Recorded data.
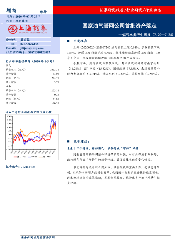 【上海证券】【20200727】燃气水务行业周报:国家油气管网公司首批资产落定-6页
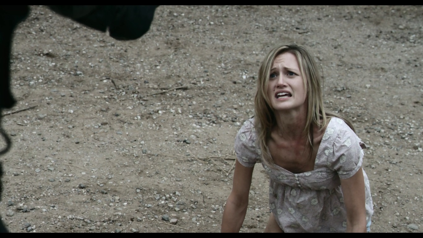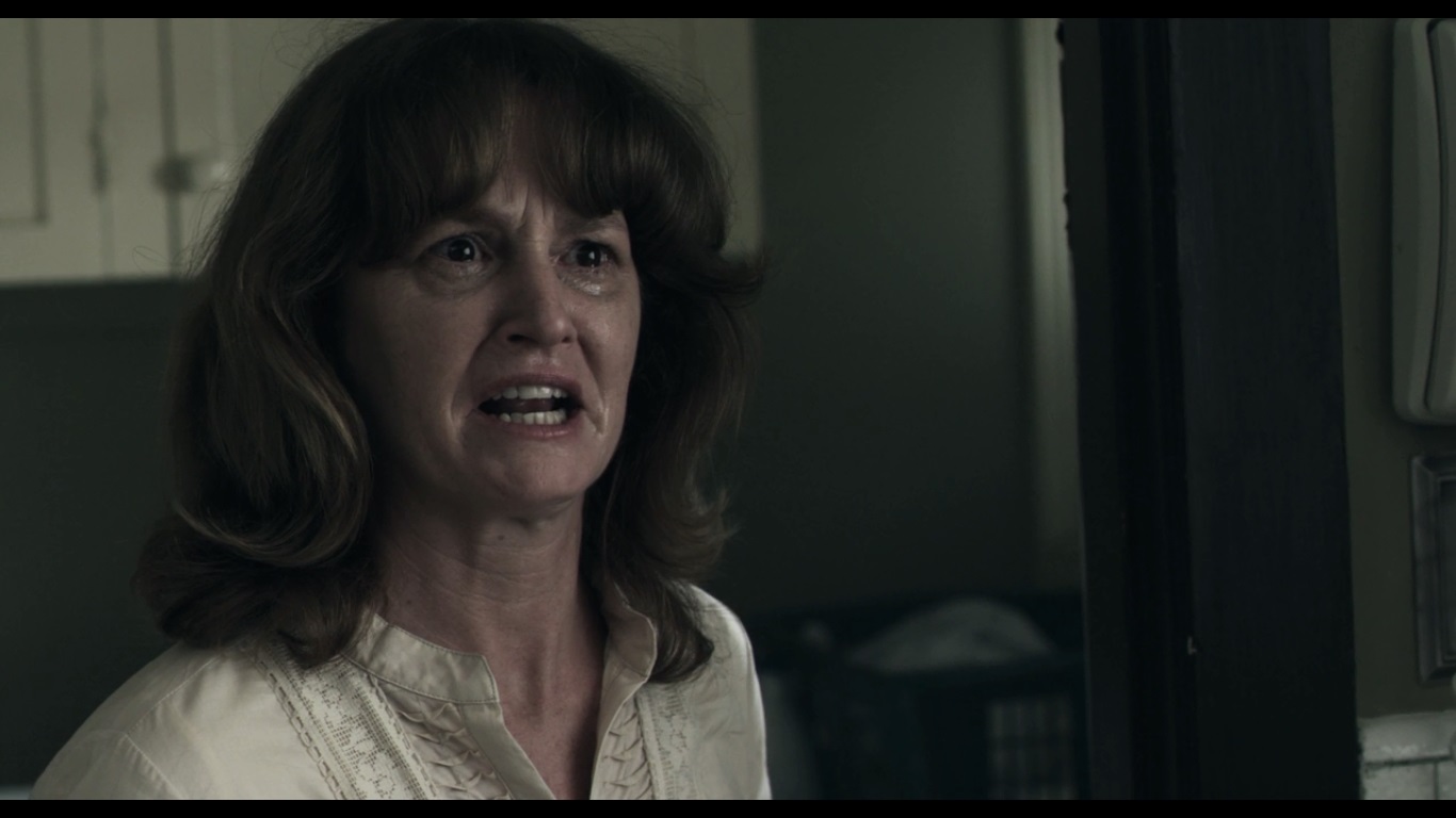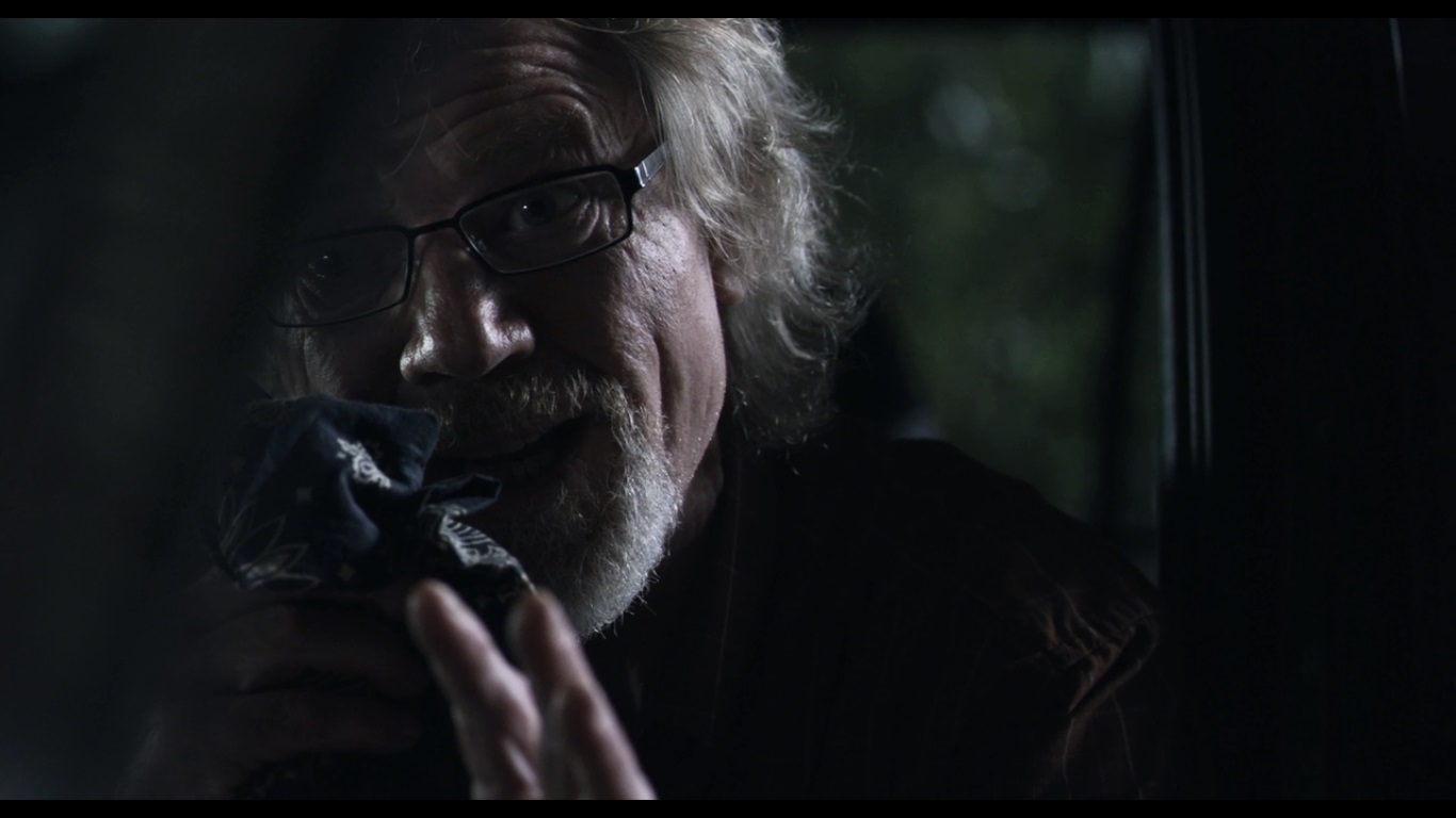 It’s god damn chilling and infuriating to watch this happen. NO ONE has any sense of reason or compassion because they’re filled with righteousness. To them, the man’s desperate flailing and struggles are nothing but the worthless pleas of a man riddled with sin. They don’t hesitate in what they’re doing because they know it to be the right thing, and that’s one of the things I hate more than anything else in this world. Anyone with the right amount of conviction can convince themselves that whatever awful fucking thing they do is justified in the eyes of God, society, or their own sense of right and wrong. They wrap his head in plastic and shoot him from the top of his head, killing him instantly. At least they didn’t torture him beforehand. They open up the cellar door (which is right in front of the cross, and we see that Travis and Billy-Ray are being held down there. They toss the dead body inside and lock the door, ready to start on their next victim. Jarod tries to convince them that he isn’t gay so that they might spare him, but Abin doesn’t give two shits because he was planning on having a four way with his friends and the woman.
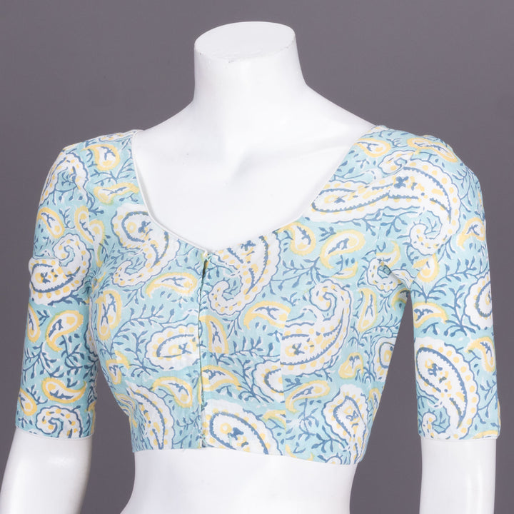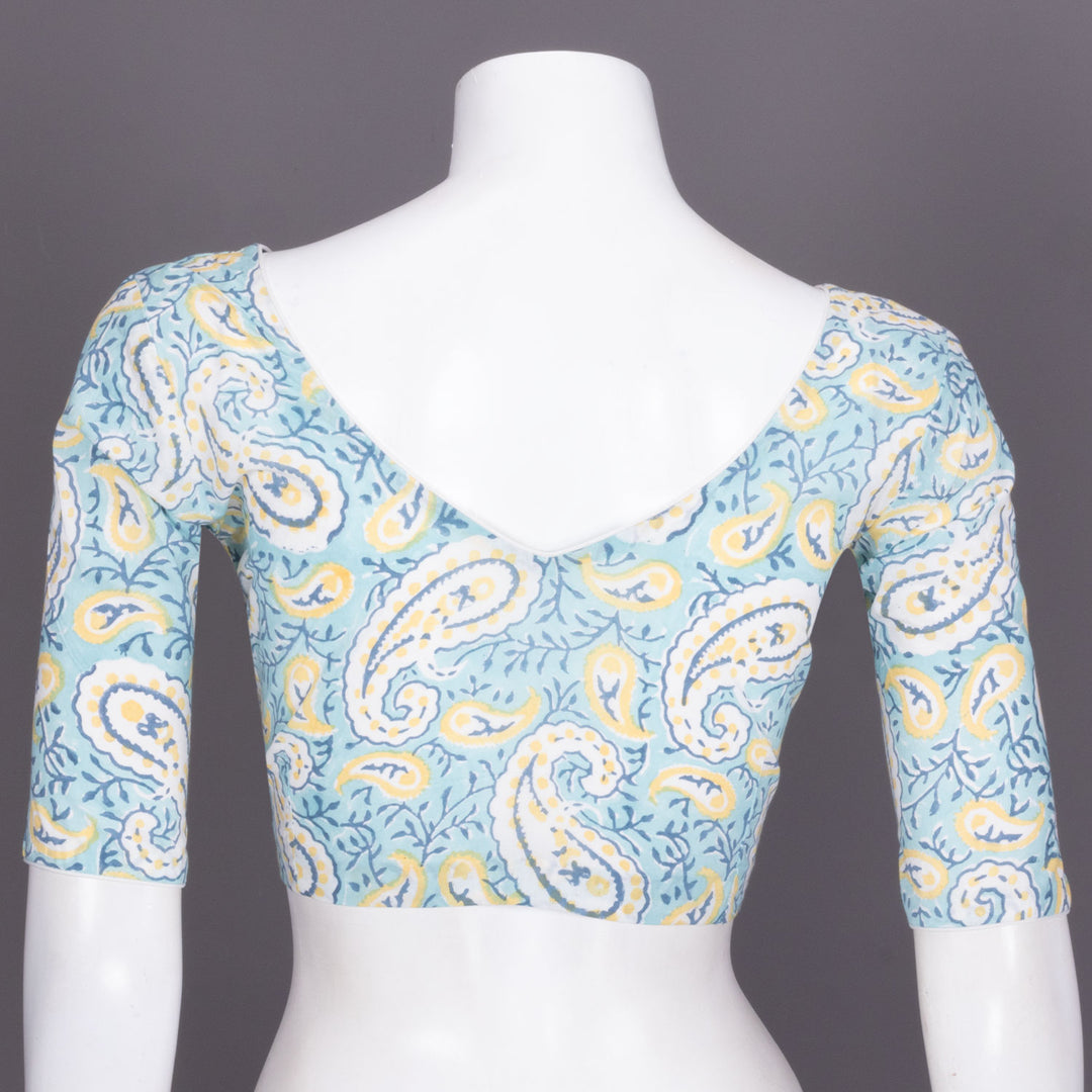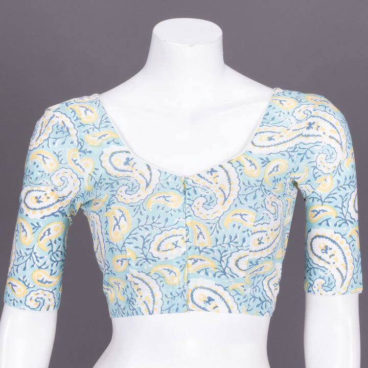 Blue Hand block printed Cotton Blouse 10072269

Work required.
Write the data above out exactly. Leave out any pictures.

Answer to this task.
 【上海证券】【20200727】燃气水务行业周报:国家油气管网公司首批资产落定-6页
 It’s god damn chilling and infuriating to watch this happen. NO ONE has any sense of reason or compassion because they’re filled with righteousness. To them, the man’s desperate flailing and struggles are nothing but the worthless pleas of a man riddled with sin. They don’t hesitate in what they’re doing because they know it to be the right thing, and that’s one of the things I hate more than anything else in this world. Anyone with the right amount of conviction can convince themselves that whatever awful fucking thing they do is justified in the eyes of God, society, or their own sense of right and wrong. They wrap his head in plastic and shoot him from the top of his head, killing him instantly. At least they didn’t torture him beforehand. They open up the cellar door (which is right in front of the cross, and we see that Travis and Billy-Ray are being held down there. They toss the dead body inside and lock the door, ready to start on their next victim. Jarod tries to convince them that he isn’t gay so that they might spare him, but Abin doesn’t give two shits because he was planning on having a four way with his friends and the woman.
 Blue Hand block printed Cotton Blouse 10072269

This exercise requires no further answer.